Background: The Apoliproprotein E (APOE) e4 allele is the most significant genetic risk factor for late-onset Alzheimer disease (AD). However, the risk associated with the APOE e4 allele differs across populations with individuals of African ancestry having a reduced risk than individuals of European (EU) ancestry. Further, single-nuclei RNAseq analysis in autopsy samples from AD APOEε4 homozygotes with EU Local Ancestry (LA) had a significantly increased APOEε4 expression compared to those with African LA, particularly in astrocytes. To test the functional consequences of elevated APOE4 expression on astrocytes, we examined the effect of APOE4 overexpression in inducible pluripotent stem cell (iPSC) derived astrocytes (iAstrocytes).
Method: iPSC were derived from European and African LA AD individuals homozygous for APOEε4/ε4. These APOEε4/ε4 iPSC were differentiated into astrocytes (iAstrocytes) which were transduced with a lentiviral construct overexpressing APOEε4 or a control vector. RNAseq analysis was performed to identify differentially expressed genes followed by pathway analyses.
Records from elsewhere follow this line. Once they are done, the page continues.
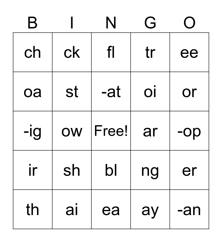 This bingo card has a free space and 24 words: sh, ai, -at, th, ee, ch, oa, ck, ar, bl, oi, -ig, ng, er, st, ay, -op, fl, or, ow, -an, ir, tr and ea.
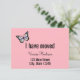 A beautiful butterfly flies on this pink moving announcement card that says 'I have moved'. Personalize with your name and new address. Butterfly on back also.
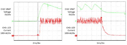 在根據圖1的電路圖配置的電路中,啟動和斷電瞬態(tài)如圖4所示。
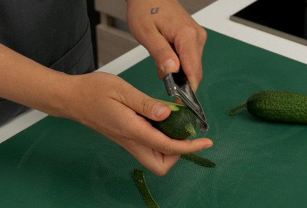 1. Огурцы тщательно очистить от кожи и нарезать крупными полукруглыми ломтиками. Сложить в глубокий салатник или широкую миску, в которой будет удобно смешивать. ИНСТРУМЕНТ Нож шефский
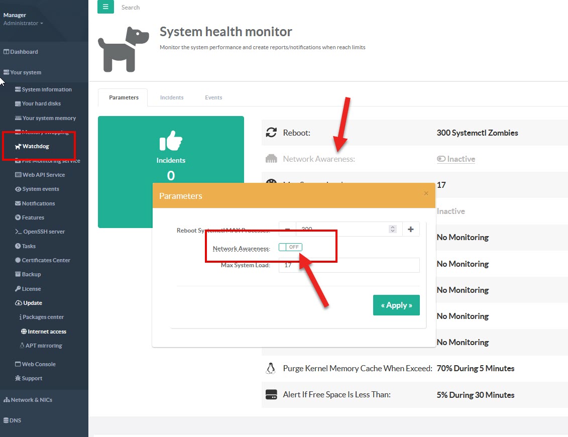 Your system” > “Watchdog”Network Awarness” link and enable the Network Awarness option
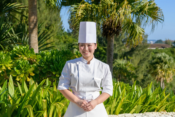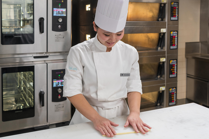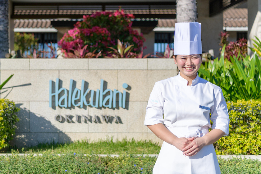 子どもの頃からお菓子を作って、人に食べてもらうことが好きでした。知識が身に付くほど面白くなり、DAICHOで本格的に製菓を学び、就職してからは製パンも。好きなことをずっと続け、それを仕事にできる喜びを日々かみしめています。昨年、勤務先の本拠地である「ハレクラニ ハワイ」のベーカリー・ペストリーの仕事を研修で経験。日本とは異なる食文化を知るのが楽しくて、貴重な機会になりました。出身は静岡ですが、いろいろな人と出会って自分の世界を広げたいと考え、進学で大阪へ。そして就職で沖縄へと居場所を移してきました。今は、いつか海外で働く夢に向かって、英語の勉強も始めています。
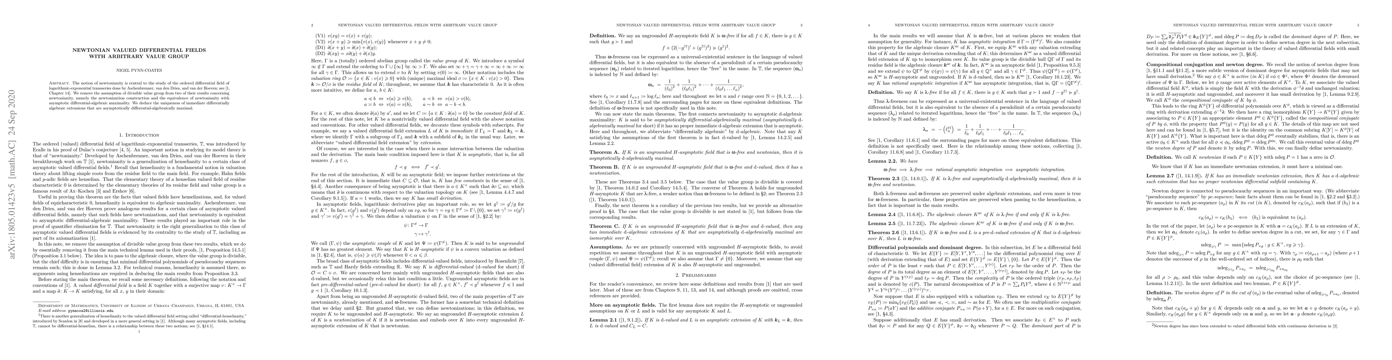The notion of newtonianity is central to the study of the ordered differential field of logarithmic-exponential transseries done by Aschenbrenner, van den Dries, and van der Hoeven; see Chapter 14 of arxiv:1509.02588. We remove the assumption of divisible value group from two of their results concerning newtonianity, namely the newtonization construction and the equivalence of newtonianity with asymptotic differential-algebraic maximality. We deduce the uniqueness of immediate differentially algebraic extensions that are asymptotically differential-algebraically maximal.
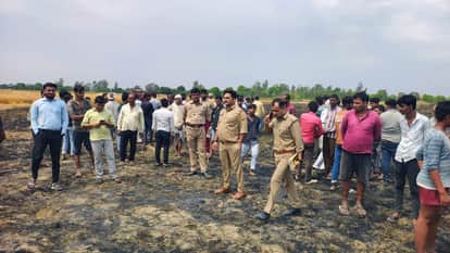 कस्बा जैथरा में फसल जल जाने की सूचना पर पहुंचे थाना प्रभारी रीतेश ठाकुर व पुलिसकर्मी। संवाद
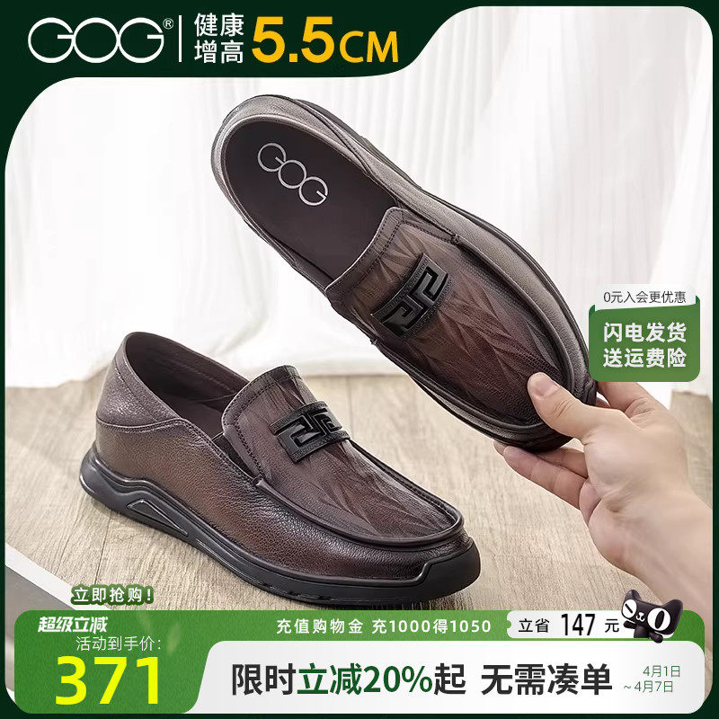 高哥内增高男鞋英伦乐福鞋一脚蹬鞋子休闲豆豆鞋真皮驾车鞋懒人鞋
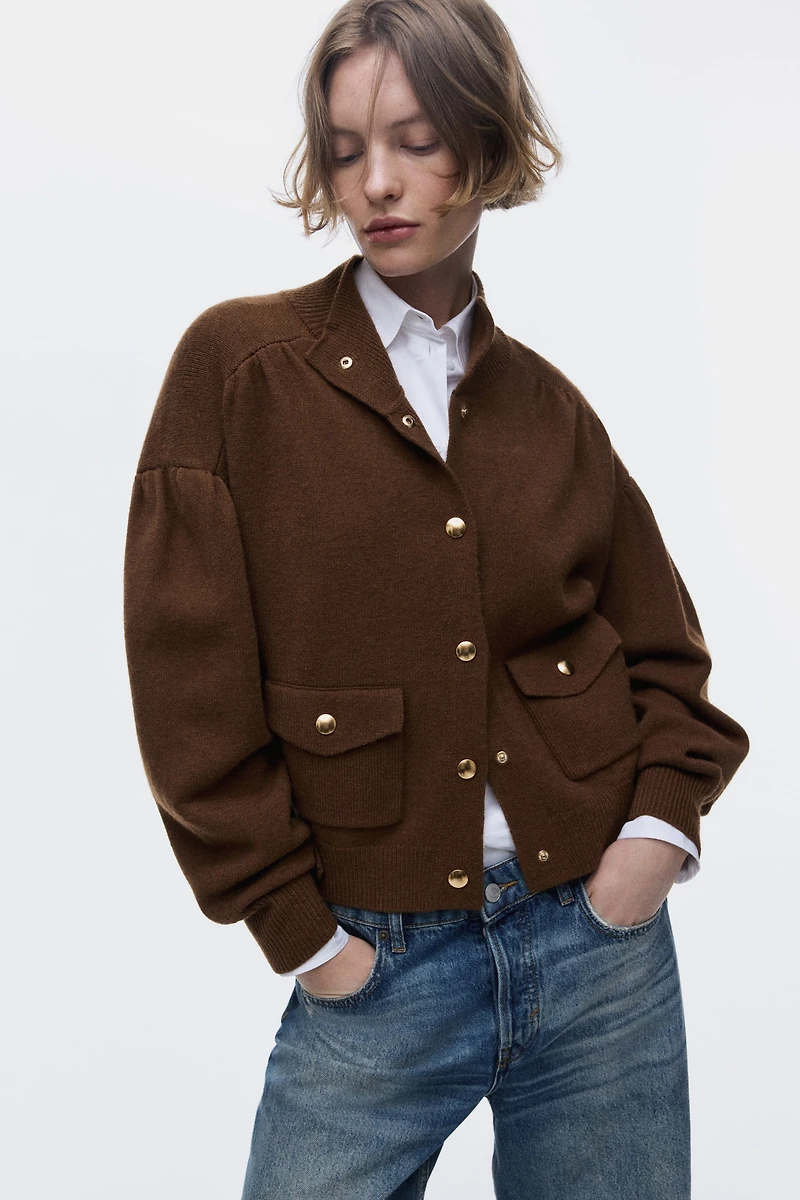 Chandail en tricot doux. Modèle grande taille avec col droit côtelé et fermeture par boutons-pression devant. Coutures d'épaule décalées vers l'avant et emmanchures descendues. Empiècement souligné de fronces dans le dos. Poches à rabat pressionné devant. Bas avec patte pressionnée de chaque côté. Finition côtelée aux poignets et au bas.
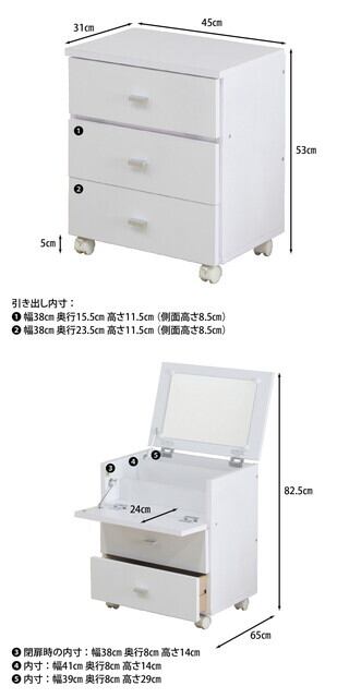 ◆広いトップテーブルは、化粧品や小物をしっかり収納可能!

Result: iPSC lines were derived, validated for pluripotency, and differentiated into iAstrocytes. Preliminary analysis of transcriptional effects ofApoEe4 overexpression in iAstrocytes showed alterations in gene expression patterns, including the down regulation of the inflammatory markers THBS1 and CLDN11 which had both been shown to be downregulated in AD, the mitochondrial-related gene NDUFA4L2 shown to be dysregulated in AD, as well as SFRP2 (Wnt modulator involved in TREM2 processing). Upregulated genes included RGMA (accumulates in amyloid plaques), as well as TNC and CECR2. Pathway analysis showed an enrichment for extracellular matrix (ECM)-receptor interaction, PI3K-Akt signaling, and TGF-beta signaling pathways. Interestingly, the transcriptional response to APOEε4 overexpression has an ancestry-specific component in these iAstrocytes; with some genes dysregulated exclusively in African ancestry iAstrocytes such as ZBTB4 and PRND, and others only in European iAstrocytes, including MYBPHL and VWF.
Conclusion: The overexpression of APOEε4 in iAstrocytes resulted in alteration in gene regulatory patterns, including the ECM and key signaling pathways across ancestries (EU and AF). In addition, gene expression differences were identified between ancestries. Further analyses of these ancestry-specific transcriptional differences may help to elucidate the mechanisms that drive the differential AD risk seen in APOEε4 individuals across ancestries.
© 2024 The Alzheimer's Association. Alzheimer's & Dementia published by Wiley Periodicals LLC on behalf of Alzheimer's Association.